One was Qin Haitao, who comes from neighboring Hunan province.
Qin’s daughter, Shujun, was a passenger on Monday’s flight headed from the southwestern inland city of Kunming to the southeastern coastal city of Guangzhou, when it plummeted in a rural part of the Guangxi region, leaving no known survivors. .
Shujun, a 40-year-old migrant worker from Guangzhou, had traveled to Kunming to accompany her mother to see a specialist doctor she had heard was very good.
“We couldn’t believe it and didn’t dare to say anything, for fear my wife couldn’t bear it,” Qin said, describing the moment he heard the news of the accident on Monday.
“Our eyes were full of tears, but we did not dare to cry. In fact, we knew the truth, but we hid it for one night, half a day plus one night.”
Qin said he initially received no official confirmation of his daughter’s situation. But on Monday night, her brother-in-law rushed to Guangzhou Baiyun International Airport, where the flight was scheduled to arrive. There, he was shown a list of passenger names, which included Shujun’s.
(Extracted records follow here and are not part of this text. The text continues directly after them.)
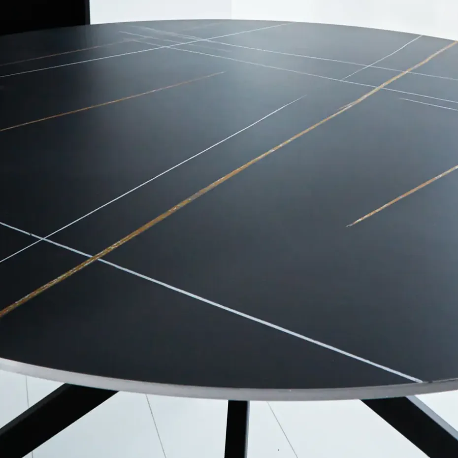 Het blad van de ronde eettafel is gemaakt van sintered stone en bevat een prachtige marmerlook. Sintered stone is een populaire steensoort wat vooral gebruikt wordt in de keukenindustrie. Het is onbreekbaar, water- en vlekproef en gemakkelijk schoon te maken. Vandaar dat sintered stone steeds populairder wordt bij het ontwerpen van meubels. Sintered stone is zeer stevig en oogt natuurlijk. Sintered stone is een natuurlijk materiaal en geeft geen schadelijke stoffen af in het milieu. Het is bestand tegen krassen en is onbreekbaar. Een design eettafel van sintered stone heeft weinig onderhoud nodig en oogt zeer stijlvol!
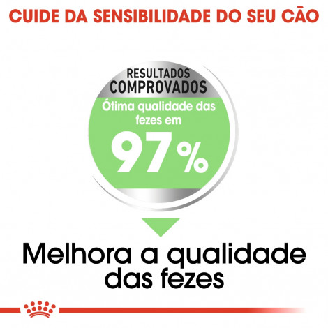 Por que não experimentar oferecer o patê como uma deliciosa cobertura do croquete? Os resultados falam por si, dado que o ROYAL CANIN® Digestive Care Maxi aumenta em até 97% a qualidade da matéria fecal, a prova definitiva de uma boa saúde intestinal. Isto significa que os resultados obtidos com o ROYAL CANIN® Digestive Care Maxi só comprovam o sucesso deste produto.
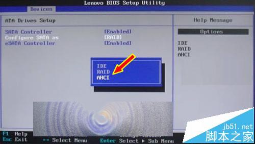 5.重新启动电脑时进入BIOS设置界面,将硬盘更改为AHCI模式。例如,针对笔者电脑而言,启动电脑时按F1键进入BIOS,依次选择Devices→ATA Drives Setup→Configure SATA as→AHCI(如图3),最后按F10键保存并退出BIOS。
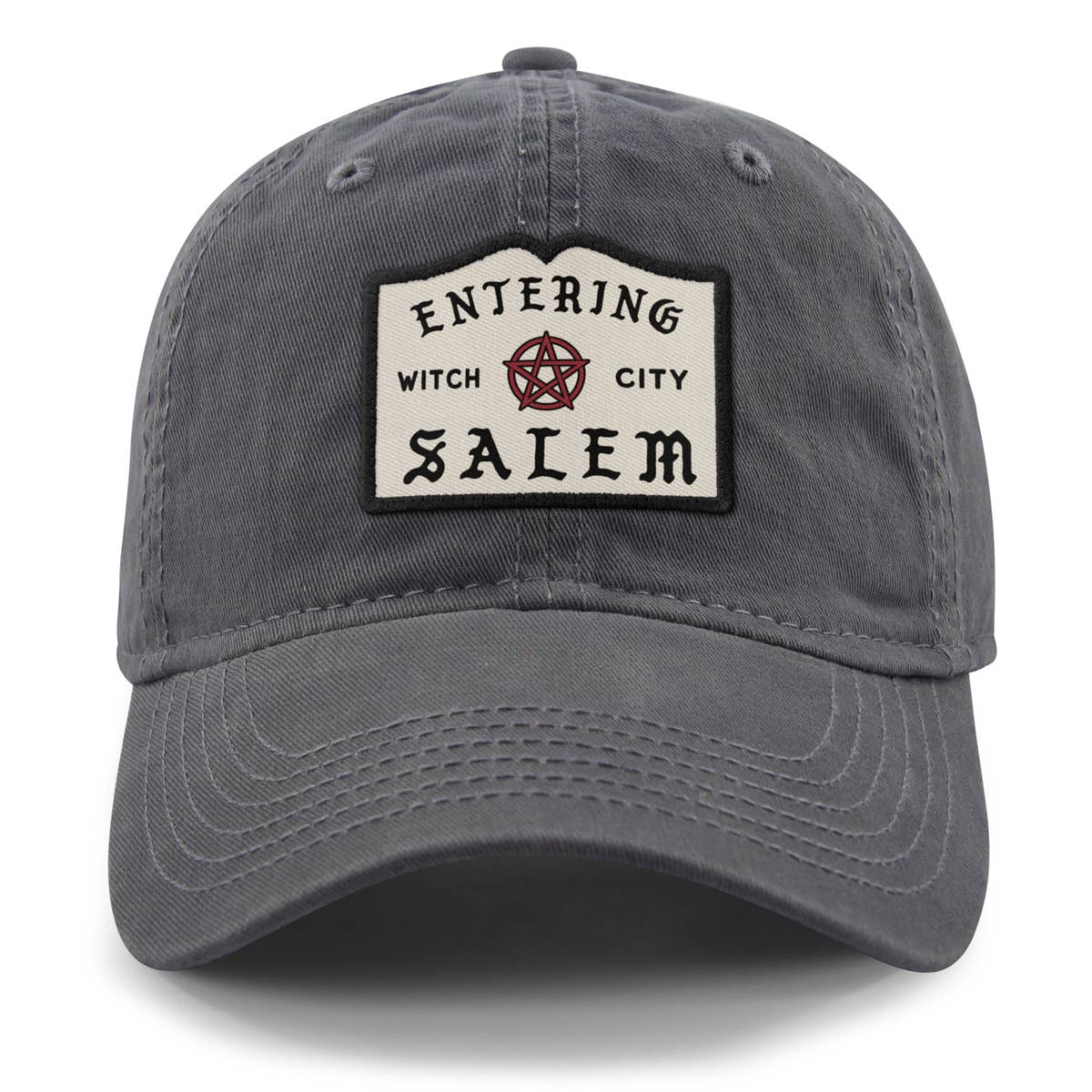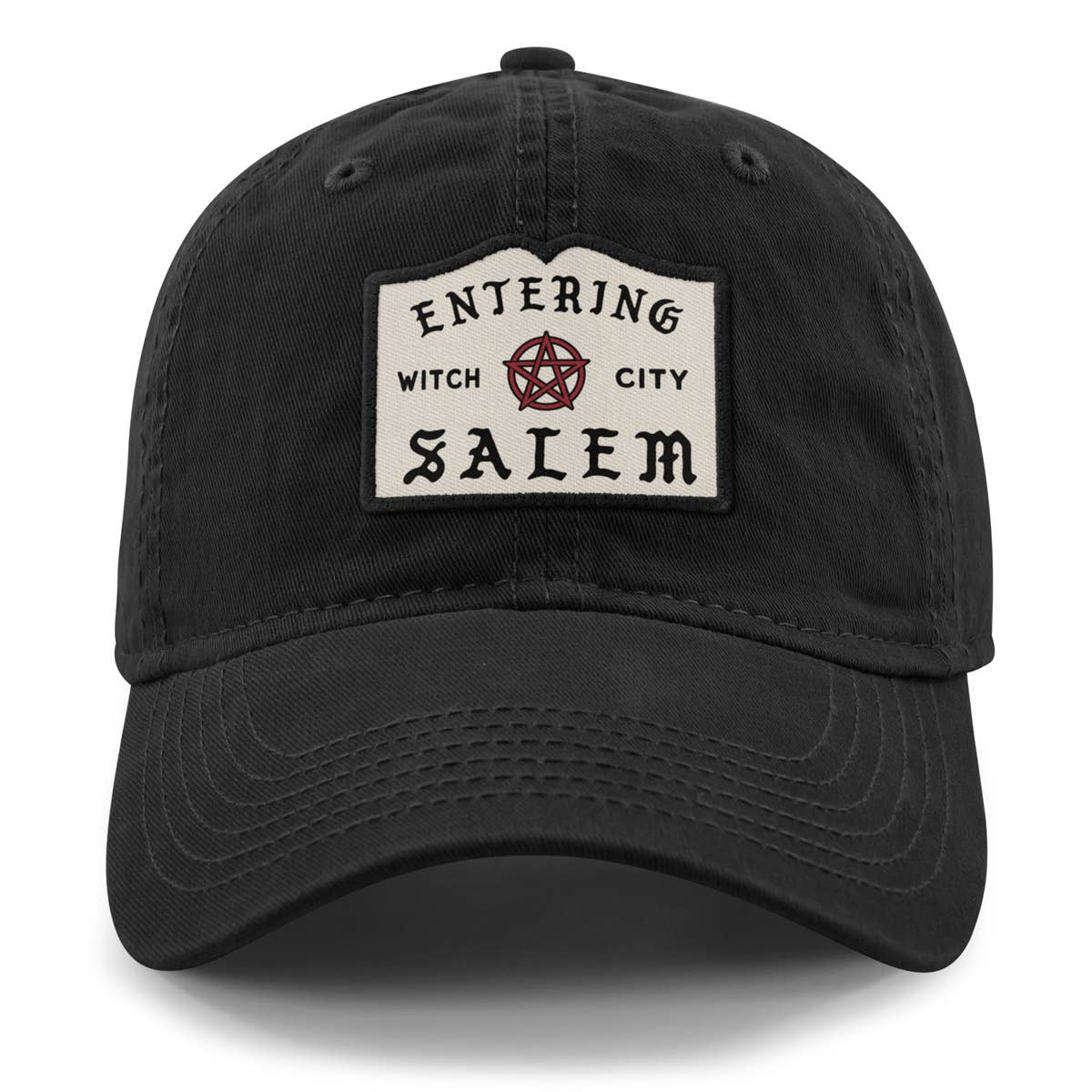 Show off your Salem love with baseball hat! This hat features an Entering Salem patch, inspired by the actual road sign leading to Salem.

On Tuesday, Qin, his son and two other people went to Wuzhou and the next day they visited the accident site accompanied by staff and volunteers from China Eastern.
“It’s so painful,” she gasped, holding back tears. “We have nothing but pain now… We live in pain every day.”
As of 10 a.m. Friday, 375 family members of the 132 people aboard flight MU5735 had visited the crash site, officials said.
Rescue teams reported finding human remains, pieces of passengers’ personal belongings, and aircraft debris.
“Many family members were burning incense,” Qin said of visiting the crash site.
“I prayed and put my daughter’s name on there. It happened to be her birthday that very day… so I said, ‘Dad came to see you, my daughter. Happy birthday.'”
After that site visit, Qin has mostly stayed at his hotel with his son, Shujun’s older brother and only brother.
Shujun herself leaves behind a teenage daughter.
“We don’t have any requests now,” Qin said.
“Our only request is to find my daughter’s body as soon as possible and bring her home.”